Казалось бы, что такого: люди свято соблюдают принцип «Когда я ем – я глух и нем». Только порадоваться можно за их культурность. Но Матильде вдруг стало не по себе.

– Что случилось? – еле слышно спросил Альберт.

– Я хочу кофе… – прошептала она. – Можешь мне взять навынос?

– Здесь нет кофе навынос. Здесь нет никакого кофе.

– Почему?

– Кофе – это отрава, – объяснил Альберт таким тоном, будто ребенка жизни учил. Матильде это не понравилось:

– Да, и я прямо сейчас хочу отравиться!

– В этом нет необходимости.

– Если нет, то пойдем отсюда!

– Ты уверена, что не голодна?

– Уверена… – Матильда чувствовала себя ужасно неуютно. Она поймала на себе несколько взглядов: несколько человек перестали есть и молча пялились на нее. Всего несколько. Но если она задержится здесь еще хоть на минуту – их станет больше. А еще через минуту на нее будут пялиться все. И молчать.

Матильда представила это и устремилась к выходу, еле сдерживаясь, чтобы не перейти с шага на бег.

– Что случилось? – спросил Альберт в коридоре. – На тебе лица нет!

Когда это они успели перейти на «ты», интересно…

Матильда уселась на ближайший подоконник:

– Да все в порядке. Наверное. По-моему, у меня фантазия разыгралась.

– Фантазия, – неодобрительно повторил Альберт. – Фантазия – это болезнь разума.

– Наверное, – согласилась Матильда. – Я стольких людей видела, кто живет в каких-то воображаемых мирах… Некоторые из них даже старше меня вдвое, а все никак не повзрослеют. Вот по тебе сразу видно – серьезный мужчина. Ты топ-менеджер?

– Я координатор. – Он показал красный браслет на запястье, на который Матильда прежде не обращала внимания.

– А что делают координаторы?

– Направляют людей на правильный путь.

– Ну, я и говорю – топ-менеджер.

Альберт впервые улыбнулся и тут же спрятал улыбку.

– Может, ты и меня на правильный путь направишь? А то я уже не уверена, с теми ли людьми я связалась и туда ли иду.

Молодой человек уселся рядом с ней на подоконник и произнес:

– Направлю. Но мне нужно, чтобы ты слушала. Слушала и слышала.

– Давай попробуем… – улыбнулась Матильда.

Ян

Спать пришлось в комнате на четыре койко-места. Хорошо хоть, никто не храпел и не пердел. Главное – никто не лез. Я спокойно закрылся одеялом с головой, как в детстве, и вылез в Интернет, благо сеть все-таки есть.
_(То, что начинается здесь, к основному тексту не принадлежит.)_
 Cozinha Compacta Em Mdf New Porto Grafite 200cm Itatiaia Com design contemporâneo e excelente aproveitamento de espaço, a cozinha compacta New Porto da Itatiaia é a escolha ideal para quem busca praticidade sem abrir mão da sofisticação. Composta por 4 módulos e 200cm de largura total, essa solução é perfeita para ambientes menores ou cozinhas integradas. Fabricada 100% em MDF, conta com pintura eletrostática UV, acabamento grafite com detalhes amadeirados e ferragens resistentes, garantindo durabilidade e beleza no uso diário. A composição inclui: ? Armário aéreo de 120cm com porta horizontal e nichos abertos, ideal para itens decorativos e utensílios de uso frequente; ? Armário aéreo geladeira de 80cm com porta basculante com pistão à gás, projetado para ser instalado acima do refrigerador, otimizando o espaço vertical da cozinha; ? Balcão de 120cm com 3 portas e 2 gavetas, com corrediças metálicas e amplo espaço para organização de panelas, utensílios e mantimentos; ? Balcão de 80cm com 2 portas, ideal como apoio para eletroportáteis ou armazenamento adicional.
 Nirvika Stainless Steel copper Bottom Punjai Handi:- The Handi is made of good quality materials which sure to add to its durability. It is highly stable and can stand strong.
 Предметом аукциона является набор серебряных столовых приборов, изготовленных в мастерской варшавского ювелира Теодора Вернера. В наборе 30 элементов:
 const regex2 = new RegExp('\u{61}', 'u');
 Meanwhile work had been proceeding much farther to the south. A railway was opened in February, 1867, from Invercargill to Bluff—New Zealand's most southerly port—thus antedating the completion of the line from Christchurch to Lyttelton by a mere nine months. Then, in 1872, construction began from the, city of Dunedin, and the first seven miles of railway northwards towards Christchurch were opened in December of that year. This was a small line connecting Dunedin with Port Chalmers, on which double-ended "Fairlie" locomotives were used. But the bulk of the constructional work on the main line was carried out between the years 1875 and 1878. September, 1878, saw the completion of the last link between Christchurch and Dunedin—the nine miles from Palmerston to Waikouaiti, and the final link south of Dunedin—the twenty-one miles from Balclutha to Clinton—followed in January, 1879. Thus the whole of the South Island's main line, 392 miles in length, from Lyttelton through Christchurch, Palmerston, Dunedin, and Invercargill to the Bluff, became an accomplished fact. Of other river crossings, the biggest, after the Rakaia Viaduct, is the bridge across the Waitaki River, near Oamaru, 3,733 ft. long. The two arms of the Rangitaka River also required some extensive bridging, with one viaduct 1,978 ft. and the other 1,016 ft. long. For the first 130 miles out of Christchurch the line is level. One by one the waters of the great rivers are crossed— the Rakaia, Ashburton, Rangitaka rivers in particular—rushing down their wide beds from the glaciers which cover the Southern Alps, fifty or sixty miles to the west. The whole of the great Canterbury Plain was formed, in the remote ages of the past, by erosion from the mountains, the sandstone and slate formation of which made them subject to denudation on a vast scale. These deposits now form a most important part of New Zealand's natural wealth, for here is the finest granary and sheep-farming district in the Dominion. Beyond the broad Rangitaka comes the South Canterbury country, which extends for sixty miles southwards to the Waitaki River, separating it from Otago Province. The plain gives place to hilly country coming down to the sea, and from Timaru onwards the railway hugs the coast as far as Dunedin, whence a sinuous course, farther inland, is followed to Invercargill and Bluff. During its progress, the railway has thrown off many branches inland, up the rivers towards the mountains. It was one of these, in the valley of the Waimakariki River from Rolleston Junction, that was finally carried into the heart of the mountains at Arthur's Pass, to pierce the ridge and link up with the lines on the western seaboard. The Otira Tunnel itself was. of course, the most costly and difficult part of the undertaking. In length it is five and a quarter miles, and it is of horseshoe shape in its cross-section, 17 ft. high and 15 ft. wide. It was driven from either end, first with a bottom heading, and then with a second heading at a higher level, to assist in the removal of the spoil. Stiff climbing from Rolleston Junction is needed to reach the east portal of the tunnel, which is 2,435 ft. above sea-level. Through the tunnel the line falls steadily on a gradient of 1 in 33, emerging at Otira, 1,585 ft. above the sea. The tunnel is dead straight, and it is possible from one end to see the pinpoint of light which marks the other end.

Еще раз прочитал все, что уже нашел. Попытался отыскать что-то новое – с этим плохо.

С соседями по комнате говорить о чем-то бесполезно. Типичные сектанты с промытыми мозгами. На все мои вопросы либо хмурятся, либо загадочно улыбаются и что-то бубнят про эссенцию и восход. Надо искать таких, как Дима, недообработанных.

Небольшая зарядка на площадке. Персонал разбивается на небольшие группы, с каждой работает один наставник. Он показывает упражнения, мы повторяем. Угадайте, какой наставник достается нашей группе. Да-да, тот самый, лысый. Нарочно придумывал упражнения позаковыристее, думал, что я не справлюсь. Даже как-то неловко было его обламывать.
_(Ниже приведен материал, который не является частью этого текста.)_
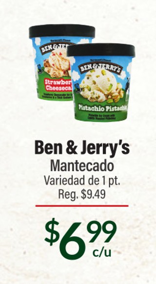 Ben y jerry´s mantecado variedad de 1 qt.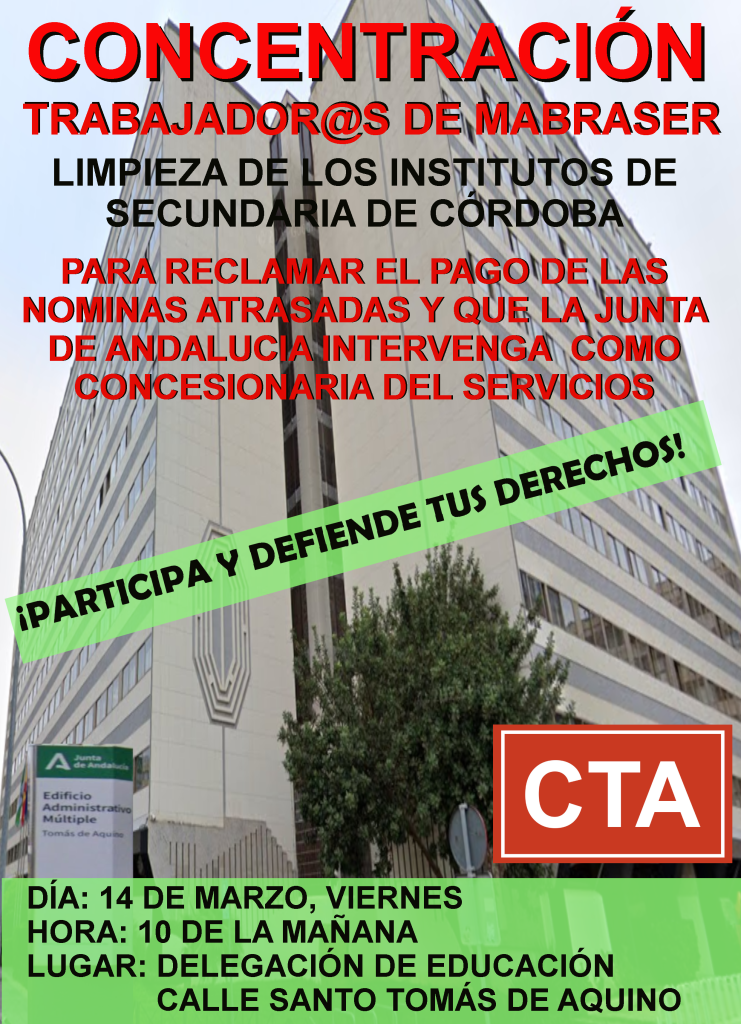 La Coordinadora de Trabajadores de Andalucía (CTA) ha denunciado ante la Inspección de Trabajo, además del impago de salarios, que la empresa Servicios y Mantenimiento Mabraser XI S.L., adjudicataria del servicio de limpieza de los institutos de secundaria dependientes de la Junta de Andalucía en la Delegación de Educación de Córdoba, desde el 1 de marzo, no responde a las llamadas de los trabajadores ni de este sindicato, no imparte órdenes, no suministra material de limpieza, no supervisa el trabajo ni mantiene ningún contacto con las trabajadoras.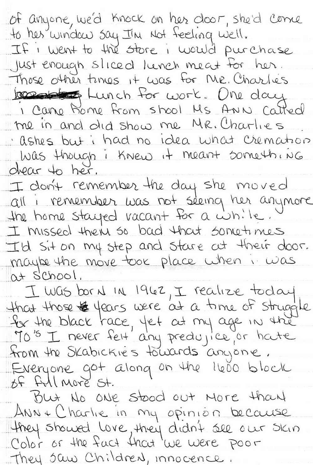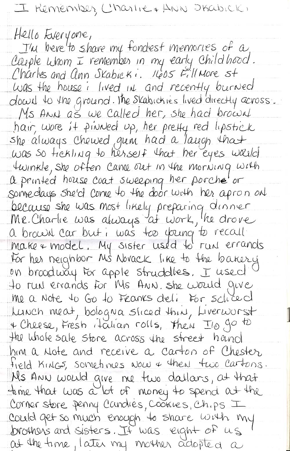 The Wilson family moved to 1605 Fillmore Street around 1968, Daughter Loretta got to know many of the elderly residents on the block, some of whom had been living there 50 years or more. The Wilson family would remain at 1605 through the mid 1980s. The Novak and Skabicki families were still on the block, as were Roy and Sarah Trachsel, and Rebecca Friar and her husband. |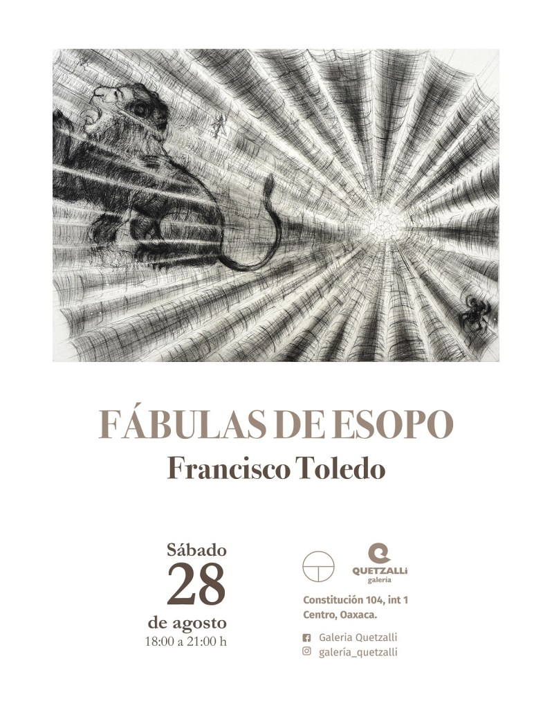 Si nos quedásemos únicamente con el relato de las fábulas de Esopo, sin las notas que suponen una moraleja, sin ese conjunto de palabras que muchos afirman fueron añadidos posteriores, probablemente no perderíamos la sabiduría que nos transmiten. A Francisco Toledo le interesa una lectura de Esopo sin que necesariamente suscriban una moral determinada. Para Toledo es más acertado decir que con cada pieza que concibe es capaz de inventar una naturaleza, un modo propio de ser. Algo que hemos visto continuamente en su trabajo es no sólo el representar ciertos especímenes sino el de inventar otros: insectos, animales e incluso plantas que jamás hemos divisado aparecen en su obra como si fuera ese su escenario natural.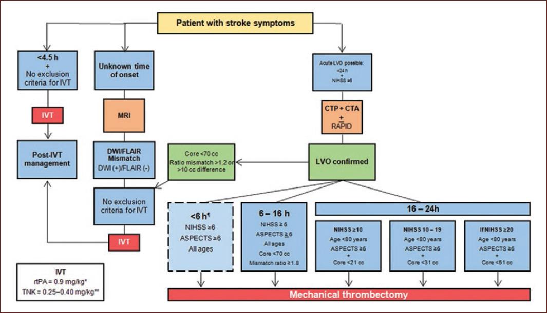After 4.5 h of symptom onset, the only treatment option is MT. Although the therapeutic window has extended up to 24 h, the more time passes, the selection of patients becomes more rigorous and requires more elements to demonstrate viable brain tissue7,35. The criteria on which treatments are based beyond 6 h of evolution, wake-up stroke, minor stroke, and in some specific situations are described below.

Потом – короткий утренний Резонанс.

После завтрака и блестящего выступления Никиты идем работать. Меня опять поставили грузчиком – видимо, это на все дни. Так и не узнаю, что в этих огромных коробках. Шальная мысль: а вдруг это действительно спектакль, и я тупо таскаю какой-нибудь мусор, который ради меня одного перекладывают из коробки в коробку?

Пытаюсь разговорить остальных насчет «Стеклорезов». За этим меня и застает лысый наставник и начинает на меня наседать:

– Что опять за разговорчики?

– Кто такие «Стеклорезы»? – спрашиваю я у него как ни в чем не бывало.

– Не твоего ума дело, пачкун! – Он толкает меня ладонью в грудь.

Приближаю свое лицо к его лицу и спокойно говорю, так тихо, чтобы слышал только он:

– Еще раз до меня дотронешься – твоя рука окажется у тебя же в жопе.

Он меняется в лице:

– Да ты!.. Ты у меня в карцер пойдешь!

– Да с удовольствием. Хоть твоей рожи видеть не буду. И вообще, я могу отсюда уйти, когда захочу.

– Да что ты говоришь!

– А щас увидишь…

Я обеими руками вцепляюсь в ворот комбинезона и рву ткань со смачным треском.

Грузчики смотрят на меня, рты разинув от священного ужаса.

– Вот! Я испортил униформу! Дисквалифицируйте меня!

Во дурак-то… что я делаю и зачем? Спокойно, Яник, спокойно. Тебе еще рано отсюда уходить. Но очень уж бесит лысая балда этого урода.

– Так, я все понял, – произносит наставник совсем другим, примиряющим тоном. – Ты устал с непривычки. Иди отдохни. Давай, шагом марш! – Он кивает в сторону выхода, уже не решаясь до меня дотронуться.